What are the topics in Python programming?

Data science is dominated by Python. Python is a multi-purpose programming language. Python can be used for web programming, mobile applications, and game development, among other things. Each topic in Python programming will be simply explained here.

1. Functions

In Python, functions are the building blocks. They return a value with zero or more arguments. Defining a function is done by using the def keyword.

2. Positional and keyword arguments

Specify the parameters of a function when defining it. When a function is called, the required parameters must be supplied with values. Parameter values are also referred to as arguments.

● Only the names of positional arguments are declared.

● A name and a default value are assigned to keyword arguments.

3. *args and **kwargs

The Python language is built on functions. A function returns a value with zero or more arguments. When it comes to supplying arguments to a function in Python, you have a variety of options. The use of *args and **kwargs makes handling arguments easier and cleaner. Using *args, a function can take any number of positional arguments.

4. Classes

The object-oriented programming (OOP) paradigm is based on the concept of objects belonging to a specific type. In Python, everything is a type object, including integers, lists, dictionaries, functions, and so on. Classes are used to specify the type of item.

The following information is held by classes:

● To build a class instance, data attributes are required.

● Methods (also known as procedural attributes) are how we interact with instances of a class.

5. Lists

Python provides a built-in data structure called a list. It’s shown as a series of data points enclosed in square brackets. Lists can be used to hold any type of data, as well as a mix of data types.

6. List comprehension

List comprehension is the process of making lists out of other iterables like lists, tuples, and sets. It can also be regarded as a more user-friendly way of representing loops. Comprehending lists is faster than loops.

7. Dictionaries

A dictionary is a collection of key-value pairs that are not in any particular sequence. A key and a value are assigned to each entry. A dictionary is essentially a list with a unique index. The keys must be unique and unchangeable. Strings, numbers (int or float), and tuples can all be used as keys. Any sort of value can be used.

8. Sets

A set is a collection of distinct hashable objects that are not in any particular order. The official Python manual defines a set as follows:

● There are zero or more elements in an unordered collection. The elements of a set do not have any sort of order. As a result, unlike lists, it does not support indexing or slicing.

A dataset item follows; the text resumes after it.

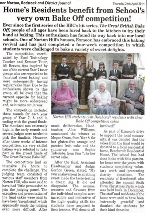 In the spirit of the Great British Baking, Norton Hill held a bake sale and kindly donated the cakes to Beechcroft. We have close links with Norton Hill and our residents really enjoy spending time with the young children. Thank you for the lovely day.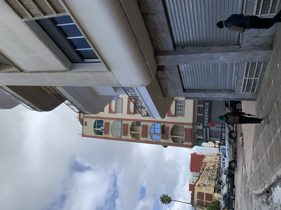 This image depicts an urban street scene in Meknes, Morocco, specifically in the vicinity of Avenue Moulay Ismail and Rue de Beyrouth/Avenue Mohammed VI. The scene is observed on an overcast day. In the immediate foreground on the right, a multi-story building with a light-colored, possibly cream or beige, facade and a distinctive curved corner is prominent. Its ground floor features two closed commercial storefronts, each secured by a gray, horizontally corrugated metal roll-down shutter. The upper floors of this building display curved balconies with dark railings and rectangular windows. On the paved sidewalk in the foreground, two individuals are visible. One individual, seen from behind, walks away from the camera towards the left mid-ground. This person wears a dark jacket, dark pants, light-colored shoes, and a dark green beanie, and carries a dark, slender object, possibly a folded umbrella, in their right hand, with a backpack on their shoulders. Further ahead on the right sidewalk, a second individual, also viewed from behind, walks towards the right, wearing a dark jacket and a dark beanie, holding an object in both hands at waist height. To the left of the sidewalk, a street is lined with parked vehicles, including a silver pickup truck, dark sedans, and other cars. Dominating the mid-ground on the left is a tall, slender multi-story building, primarily yellow with red architectural accents around its balconies. This building features a mix of window types, including distinctive light blue reflective arched windows and standard rectangular windows. The ground floor of this building prominently displays a green sign with "PHARMACIE" in white French lettering, and a smaller, similar sign below it. In the background, further down the street, additional multi-story urban buildings of varying colors and styles are visible. A single palm tree stands on the far left. The sky overhead is largely cloudy with patches of lighter sky visible.

● A set of distinct hashable objects: each element in a set is unique. Hashable refers to anything that can’t be changed. Even though sets are mutable, their elements must be immutable.

9. Tuples

A tuple is a group of items separated by a comma and enclosed in brackets. Tuples, unlike lists, are immutable. Tuples are distinguished by their immutability, which might be regarded as a distinguishing trait.

10. Lambda expressions

Lambda expressions are a type of function that is unique. Lambda expressions are commonly used without a name.

In Python, we’ve covered some key concepts and topics. Third-party tools and frameworks such as Pandas, Matplotlib, Scikit-learn, TensorFlow, and others are used to do most data science activities.

However, to effectively use such libraries, we must have a thorough understanding of Python’s essential actions and concepts. They assume you know the fundamentals of Python.